The financial statements and management’s assessment of the effectiveness of internal control over financial reporting (which is included in Management’s Report on Internal Control over Financial Reporting) incorporated in this prospectus by reference to the Annual Report on Form 10-K for the year ended December 31, 2011 have been so incorporated in reliance on the report of PricewaterhouseCoopers LLP, an independent registered public accounting firm, given on the authority of said firm as experts in auditing and accounting.

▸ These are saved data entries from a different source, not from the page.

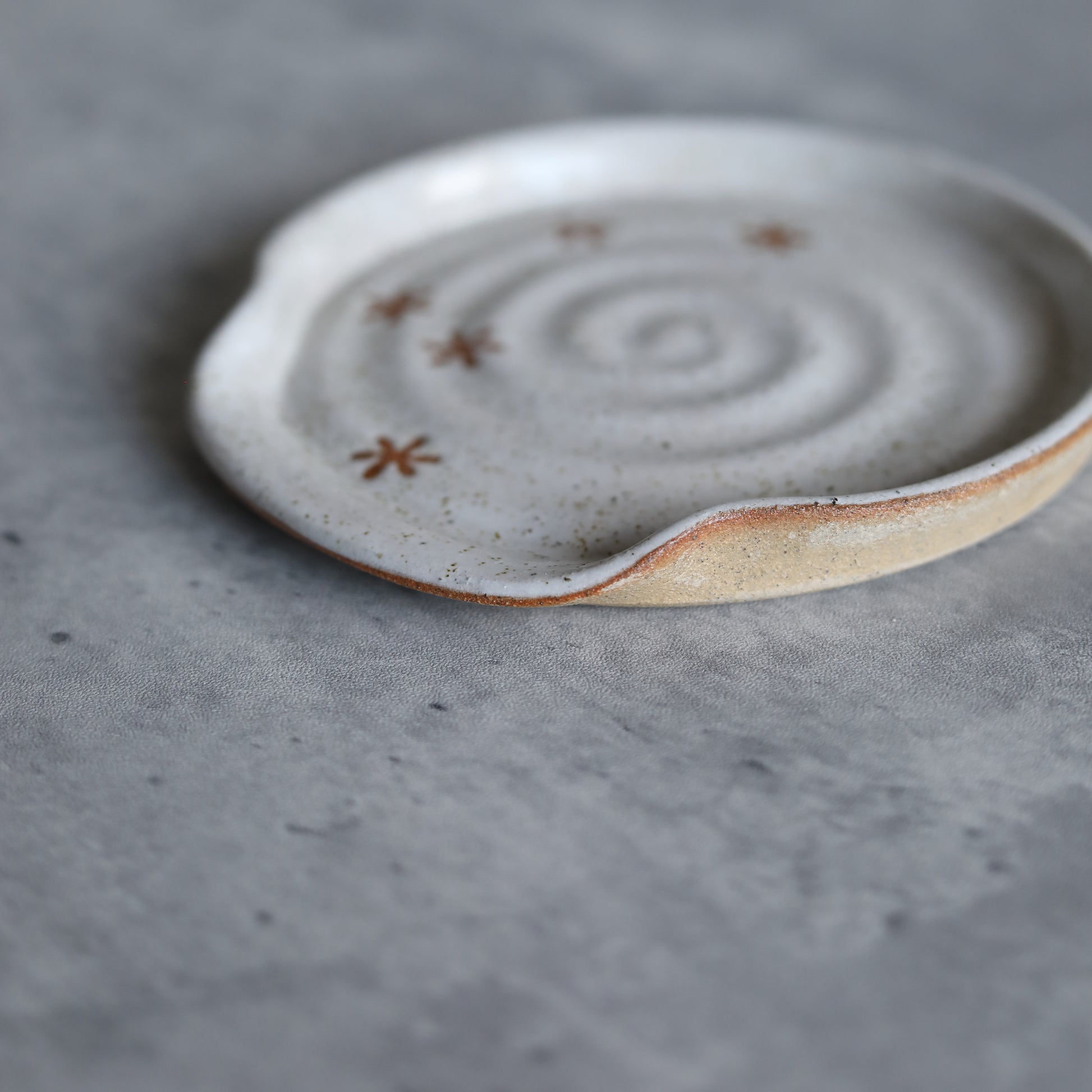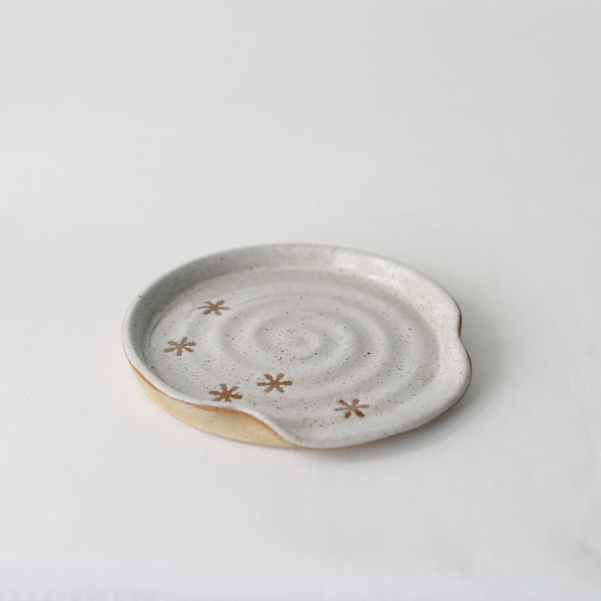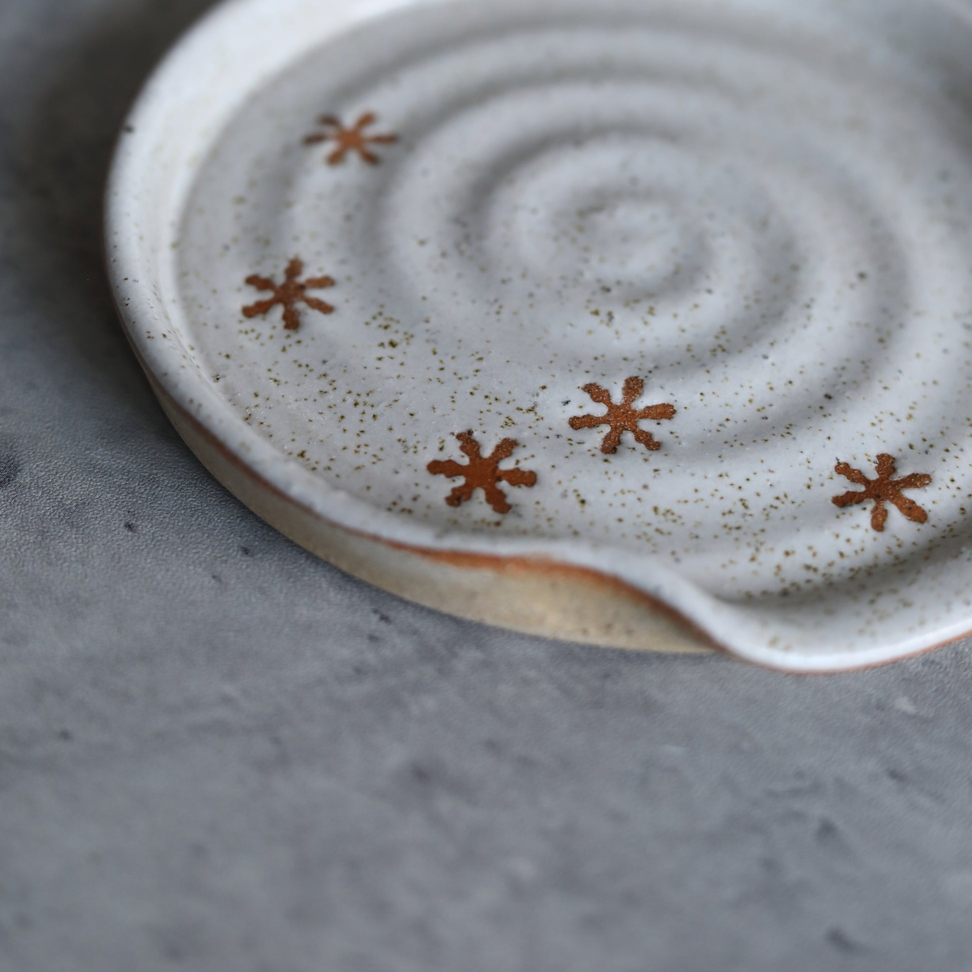Our pepper white handmade spoon rest features a glossy white glaze with a speckled finish and a snowflake design that highlights the natural toasted clay.
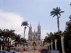 Notable buildings include the Cathedral of Santa Isabel, of the Roman Catholic Archdiocese of Malabo. It is a church in the Gothic Revival style, built between 1897 and 1916. Its architect was Luis Segarra Llairadó, paid by contributions from the government of Spain and the donations of the faithful. It has two spires 40 meters high. In January 2020 a fire due to an electrical failure caused the calcination of part of its structure, currently there is work ongoing for an early restoration in November 2021.[17]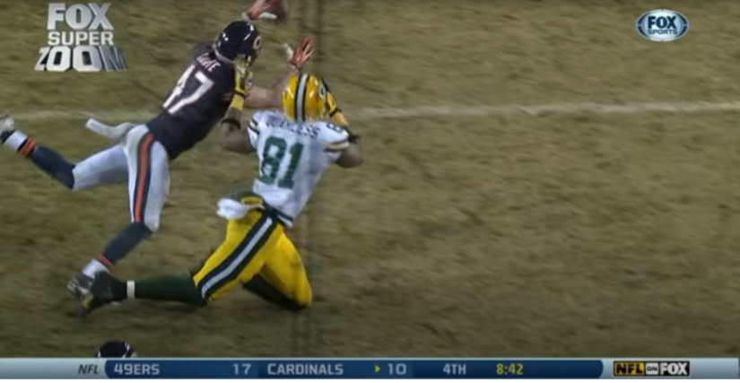 The far more glaring issues happened further downfield. The Bears, despite needing above all to protect two areas - the area directly past the first down line, and the deep field leading directly to the endzone - failed spectacularly to cover either of the holy areas they needed to keep well-guarded. For one thing, the widest-split receiver, James Jones, ran essentially a 12-yard curl terminating about 4 yards past the first down, and though defenders were in the general area of where he would have caught the ball, Rodgers certainly could have fit in a screaming fastball to him - it was the same route, in essence, that Jordy Nelson had converted the previous 4th down using. They’d learned nothing from that failure, apparently. While we’re here, it should be noted that to Rodgers’ right, Andrew Quarless looks to have been covered pretty air-tightly by Tim Jennings, who - as their best corner on the field on this play - probably should have been covering one of the wide receivers. But that’s neither here, nor there.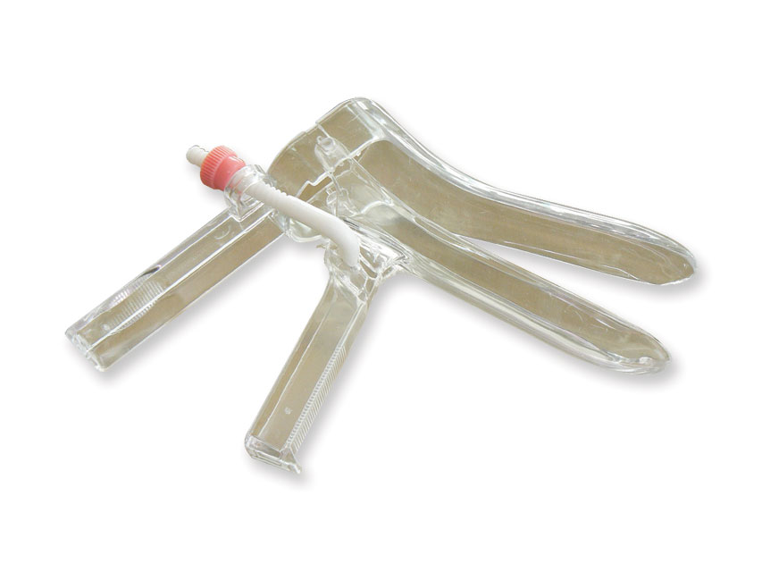 Speculum vaginali monouso con regolazione graduale a vite, prodotti in materiale plastico atossico trasparente, confezionati singolarmente in materiale trasparente.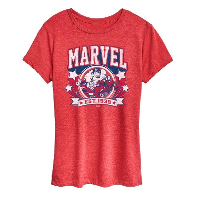 Marvel Iron Man - Stark Collegiate- -Women's Short Sleeve Graphic T-Shirt - Introducing our collection of officially licensed Marvel graphic apparel, where legendary superheroes and iconic moments from the Marvel Universe come to life on high-quality, comfortable clothing. Each design is carefully crafted with vibrant, detailed artwork featuring beloved characters like Spider-Man, Iron Man, Captain America, and the Avengers. From bold graphic tees to stylish hoodies and accessories, our apparel celebrates the thrilling world of Marvel with cutting-edge prints, premium fabrics, and a perfect fit for fans of all ages.

The consolidated financial statements of RailAmerica, Inc. appearing in RailAmerica Inc.’s Annual Report (Form 10-K) for the year ended December 31, 2011, and the effectiveness of RailAmerica Inc.’s internal control over financial reporting as of December 31, 2011 have been audited by Ernst & Young LLP, independent registered public accounting firm, as set forth in their reports thereon, included therein, and incorporated herein by reference from Genesee & Wyoming Inc.’s Current Report on Form 8-K filed with the SEC on September 12, 2012. Such consolidated financial statements are incorporated herein by reference in reliance upon such reports given on the authority of such firm as experts in accounting and auditing.